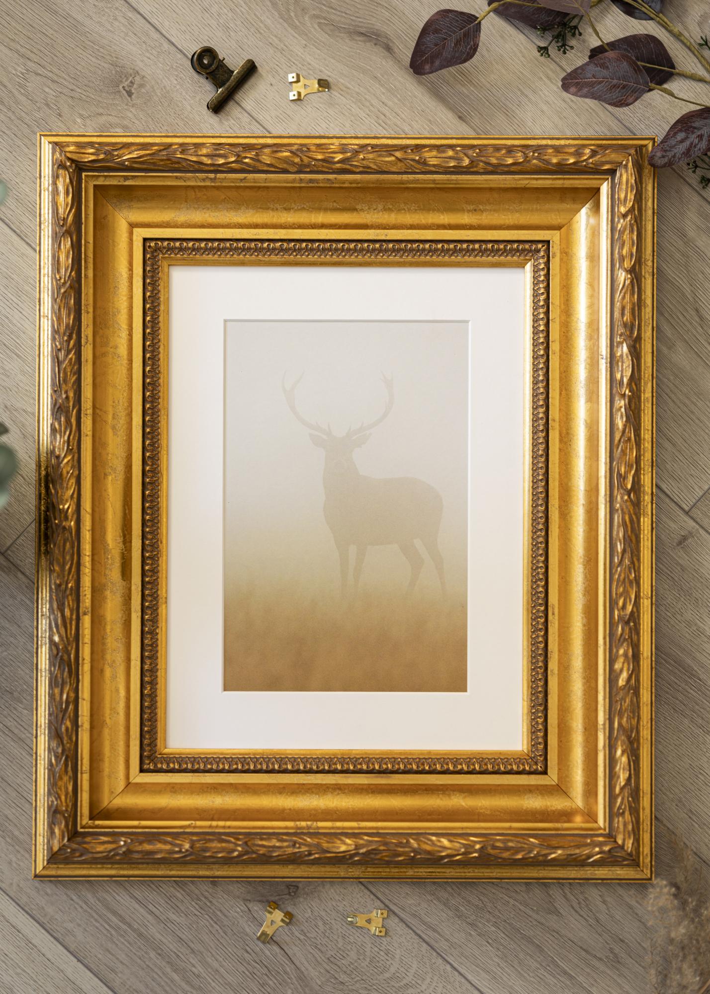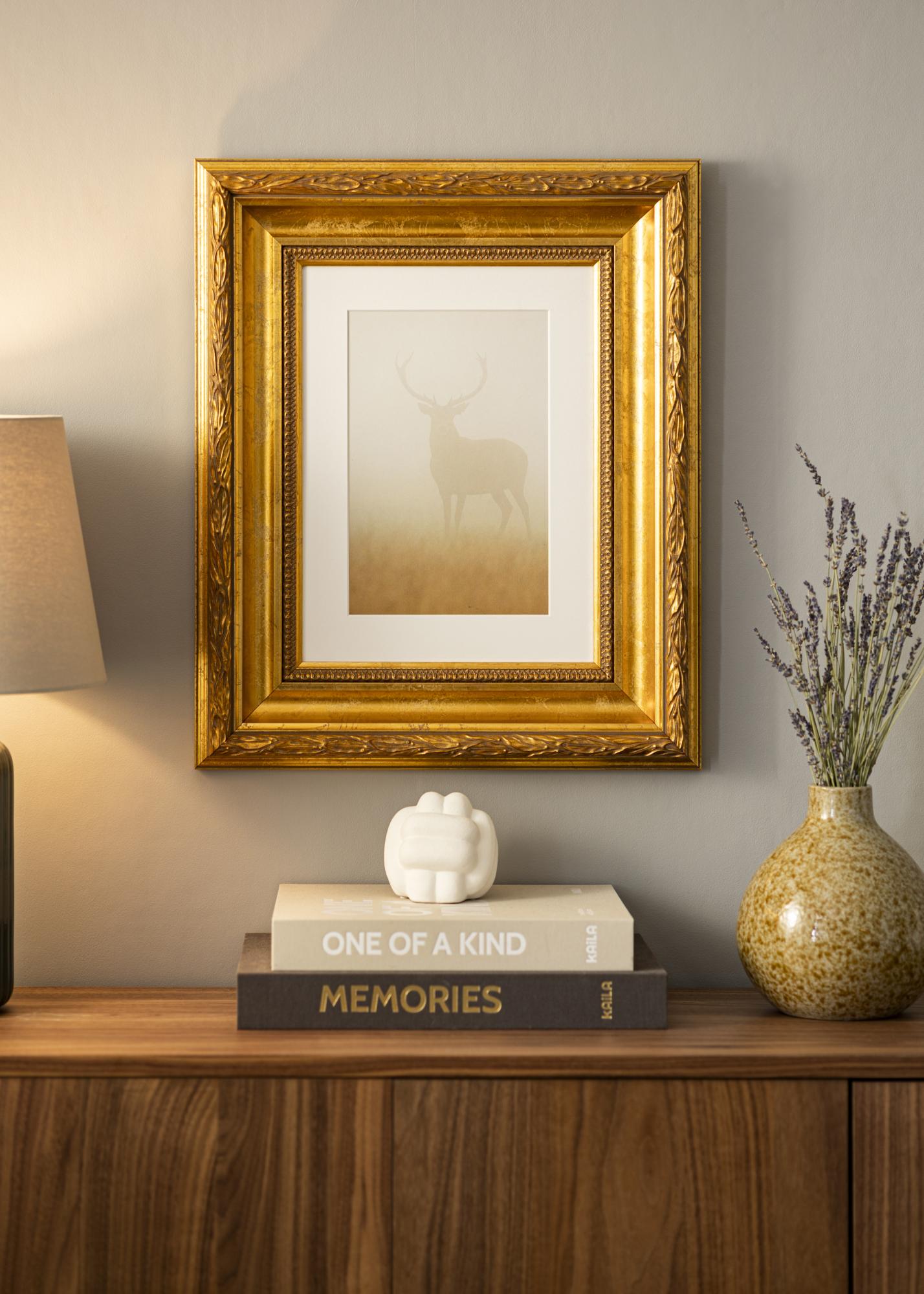 Рамката Egypt Ornament Gold е ексклузивна фоторамка, която придава на вашите снимки усещане за елегантност и вечност. Със своя дълбок, топъл нюанс в антично златно и декоративни детайли, тя става красиво допълнение към всяка стая. Тази рамка за картини е перфектна за вас, ако искате да придадете на вашите произведения на изкуството или фотографии допълнителна доза стил и клас.
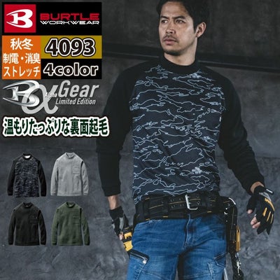 ユニセックス ストレッチ 保温 バートル BURTLE 作業着 インナー 4093 モックネックホットロングTシャツ S-XXL 作業服 秋冬 保温 裏起毛 ドライ 消臭 制電
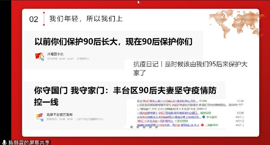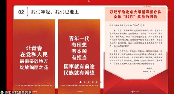 首先,陈弱霄同学为党支部成员分享了“抗疫青春故事——新生一代的使命担当”主题宣讲,以启发同学们主动思考当前疫情抗击与从严治党的关系。在新冠病毒这一人类共同的敌人面前,30、40后宝刀未老,钟南山院士和李兰娟院士挺进一线,坐镇抗疫战斗,指明防疫方针。50、60后身先士卒,陈薇院士团队组织研发新冠肺炎疫苗,在全球率先进入二期临床试验阶段;张定宇经理领导金银潭医院奋力抗疫,以坚守实现胜利。70、80后中流砥柱,他们承担着本次抗疫的主要任务,是前线千千万万抗疫战士的主体,撑起了抗疫的各条战线。陈弱霄同学讲到,身为90、00后的我们,同样可以贡献自己青春的力量。
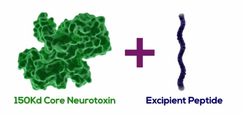 As primeiras marcas de toxina botulínica como o Botox® e o Dysport® tem, em sua composição, um envoltório proteico ao redor de cada molécula ativa de toxina, formando um complexo hemaglutinina-neurotoxina, que funciona como uma proteção para que a porção mais importante não seja atacada pelo organismo.
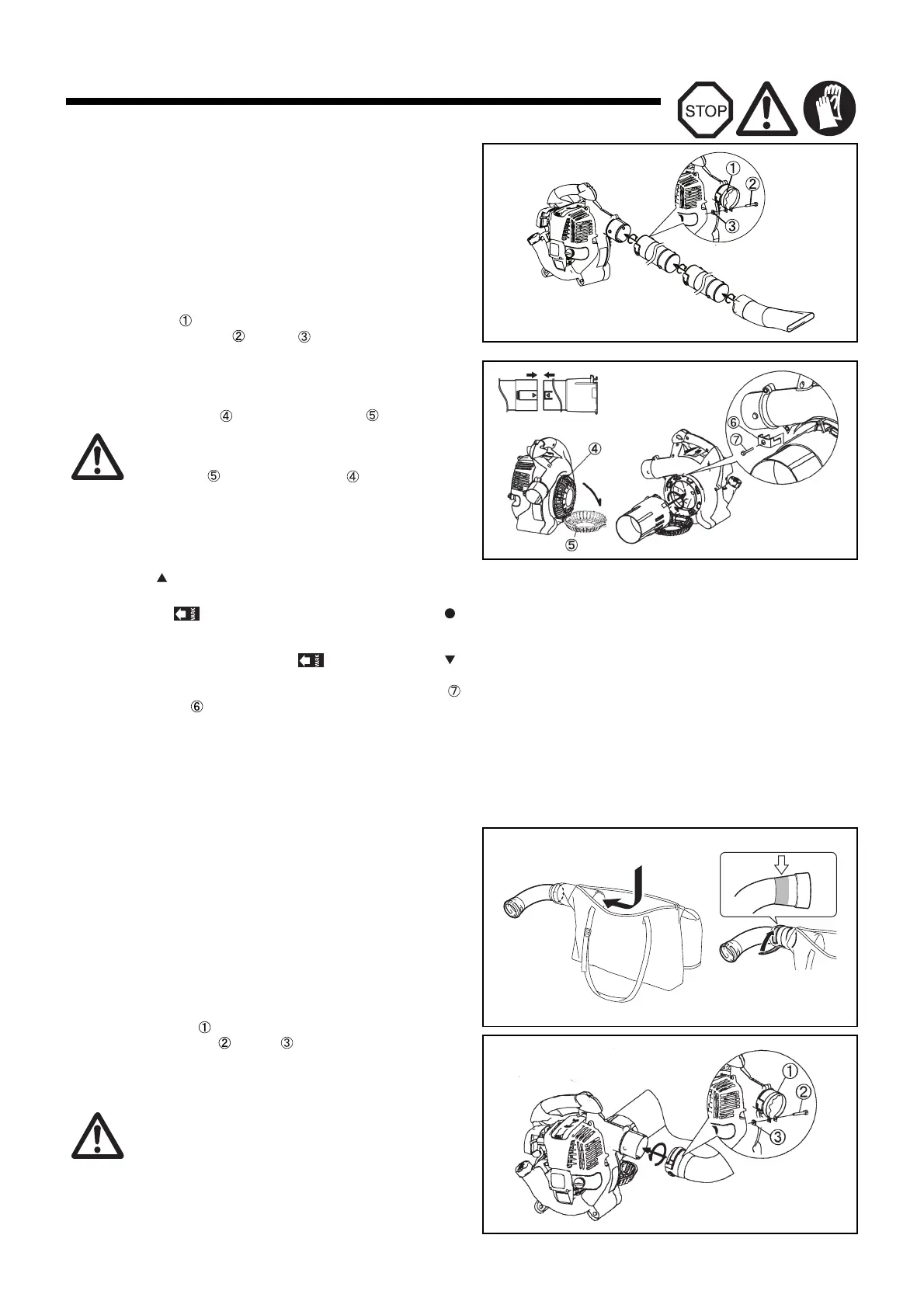 CAUTION : Start the blower only after having assembled it com-

################

_INSTRUCTIONS TO FOLLOW_: Leaving all pictures aside, print exactly the lines from the one that contains "As primeiras marcas" through the last line of the data above, inclusive.

_SOLVED PROBLEM_:
 As primeiras marcas de toxina botulínica como o Botox® e o Dysport® tem, em sua composição, um envoltório proteico ao redor de cada molécula ativa de toxina, formando um complexo hemaglutinina-neurotoxina, que funciona como uma proteção para que a porção mais importante não seja atacada pelo organismo.
 CAUTION : Start the blower only after having assembled it com-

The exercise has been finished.